Rethinking Data: A Journey of Relationships
Most data can be separated into two categories: that which has a relationship to other data in the dataset and that which does not. For years, we've spent time organizing data into hierarchical, relational databases. While this is generally fine, being able to put that data into a better structure, like a directed graph, allows us to generate insights in a more logical and simpler fashion.
In this post, we will use two different elements: a Person element which represents a person and an Address element which represents a Person's address.
In a relational database, we'd setup up two tables where the Person table would have a foreign key into the Address table.
Table | Person |
---|---|
id | primary key |
name | varchar |
address_id | foreign key on (Address) |
Table | Address |
---|---|
id | primary key |
street | varchar |
city | varchar |
state | varchar |
post_code | varchar |
We could then get an address by writing a fairly simple SQL query, like this one:
SELECT p.*, a.street, a.city, a.state, a.post_code
FROM Person p
JOIN Address a
ON a.id = p.address_id
Or we could find all persons living within a specified post code:
SELECT p.*
FROM Person p
JOIN Address a
ON a.id = p.address_id
WHERE a.post_code = '12345'
This is simple enough, but if we have to add information to either table, it can potentially require major changes. Alternatively, if we have to change a field, this can become an extremely complex and expensive issue. My company recently had an issue where a development team needed to update a field in an existing database. One that had over 2 billion rows. That update took 18 hours to complete, and required our entire production application to be offline during that timeframe.

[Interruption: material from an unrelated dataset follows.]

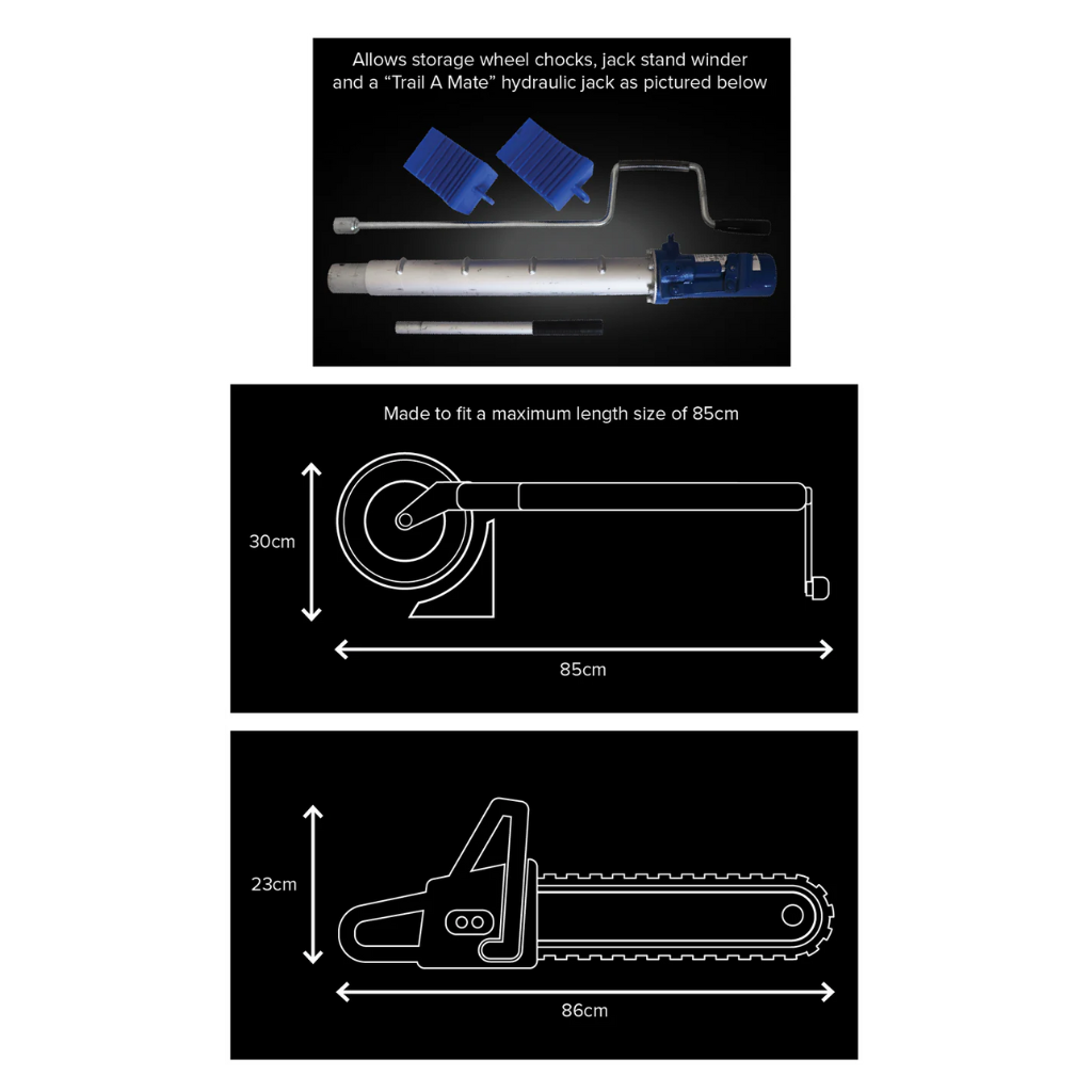 IMPORTANT INFORMATION:Not what you are looking for? Check out our full range of Tools & Storage Solutions here. * Jockey wheel and chocks, jack stand winder or chainsaw not included |

Enter graph theory. Graphs use nodes, which describe data, and edges, which describe the relationships between data. This seemingly simple difference allows us to reason about data in a different way as well as allowing us to gain insights that we might otherwise miss.
We will use this, albeit more complex, definition for our graph:
In this case, the graph is slightly more complicated than a similar relational database table schema would be, but it also is easier to reason about. We can clearly see that a Person HAS_A Address, and that Addresses are IN Cities, States and PostCodes.
Our ability to select items is slightly easier:
SELECT a, p
WHERE (p:Person) -[:HAS_A]-> (a:Address)
And finding all Persons living within a specified PostCode looks like this:
SELECT p
WHERE (p:Person) -[:HAS_A]-> (a:Address) -[:IN]-> (pc:PostCode {value:'12345'})
This is human readable and easy to reason about (compared to JOIN's which require understanding how SQL JOIN statements work.)
There are definitely challenges to rethinking how data works and interacts in a graph compared to similar approaches in a relational database.
First, designing the graph requires a better understanding of how your data is being used. Some data can be stored as metadata on Nodes, while other information can be stored as separate Nodes. This increases the complexity of what the data is.
Second, learning a new syntax and understanding the underlying concepts can be both daunting and difficult. It may be easier to reason about the data once you see it, but designing and implementing those queries can be more difficult than just writing SQL queries.
Moving forward, rethinking how data works, interacts and evolves is going to be an important step for most software professionals. This is not an end-all, be-all solution for every problem, but if you find that you need better insight into your data then a graph-based solution might be something to consider. You will have to weigh the pros and cons no matter what.
In a future article, I will dive into more detail on what types of information you can glean from using a graph, and an overview on interesting insights that can help drive innovation across the spectrum.